Statistician AE Maxwell used to say, as I put my head cautiously past his open door and then sat in front of his desk “Have you plotted the data?” His doctoral thesis consisted of one factor analysis, done by hand, which reportedly took him almost three years. By that time, he had got to know his data.
Brian Everitt, in the room next to Maxwell in the Biometrics Department at the Institute of Psychiatry, used to add: “It is a big limitation of statistics that when you ask a question, you are given a number in reply. You should be given an answer to your question.”
With these paragons in mind it is a delight to be guided to Emil Kirkegaard’s site, where he plots the data and answers questions. Yes, there are some numbers, but they are closely linked to the plotted data, which aids understanding.
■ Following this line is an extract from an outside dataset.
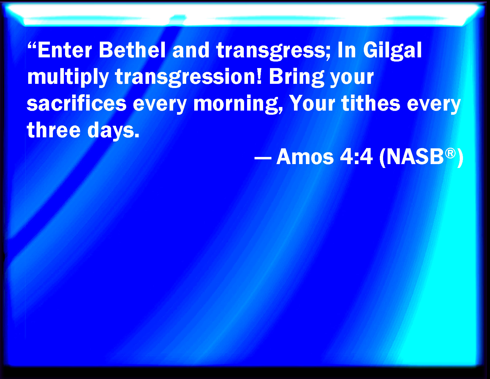 Bible Verse Slide Amos 4:4 Come to Bethel, and transgress; at Gilgal multiply transgression; and bring your sacrifices every morning, and your tithes after three years: KJV: Come to Bethel, and transgress; at Gilgal multiply transgression; and bring your sacrifices every morning, and your tithes after three years: DRB: Come ye to Bethel, and do wickedly: to Galgal, and multiply transgressions: and bring in the morning your victims, your tithes in three days. DBT: Come to Bethel, and transgress; at Gilgal multiply transgression; and bring your sacrifices in the morning, your tithes every three days, ERV: Come to Beth-el, and transgress; to Gilgal, and multiply transgression; and bring your sacrifices every morning, and your tithes every three days; WBT: Come to Beth-el and transgress; at Gilgal multiply transgression; and bring your sacrifices every morning, and your tithes after three years: WEB: "Go to Bethel, and sin; to Gilgal, and sin more. Bring your sacrifices every morning, your tithes every three days, YLT: Enter ye Beth-El, and transgress, At Gilgal multiply transgression, And bring in every morning your sacrifices, Every third year your tithes.Links Amos 4:4 NIV • Amos 4:4 NLT • Amos 4:4 ESV • Amos 4:4 NASB • Amos 4:4 KJV • Amos 4:4 Interlinear • Amos 4:4 Commentaries • Amos 4:4 Parallel Texts • Amos 4:4 Bible Apps • Amos 4:4 Parallel • Bible Hub |

http://emilkirkegaard.dk/understanding_statistics/
I know that my esteemed readers might regard all this as old hat, but I think it has great utility.
Restriction of Range
Psychology samples tend to be drawn from college students, and although it may be hard to believe sometimes, they are of above average intelligence. Even if one excludes only those of below average intelligence (try it with the slider set at a Z value of zero) that restriction reduces the variance by 63%. In standard present day university samples where IQ 115 is the minimum required, variance will be reduced by 80%. In proper, old style universities where IQ 130 is the entry requirement, the reduction in variance is 88%. I think this is very important, particularly when some researchers make claims about multiple intelligences based on Ivy League and Oxbridge students showing that some particular skill, say gastro-intestinal intelligence, is unrelated to g because the correlation is only 0.18, which in fact means that the general population correlation is very probably a much larger 0.50
Tail effects
“Small differences in means are great at the extremes”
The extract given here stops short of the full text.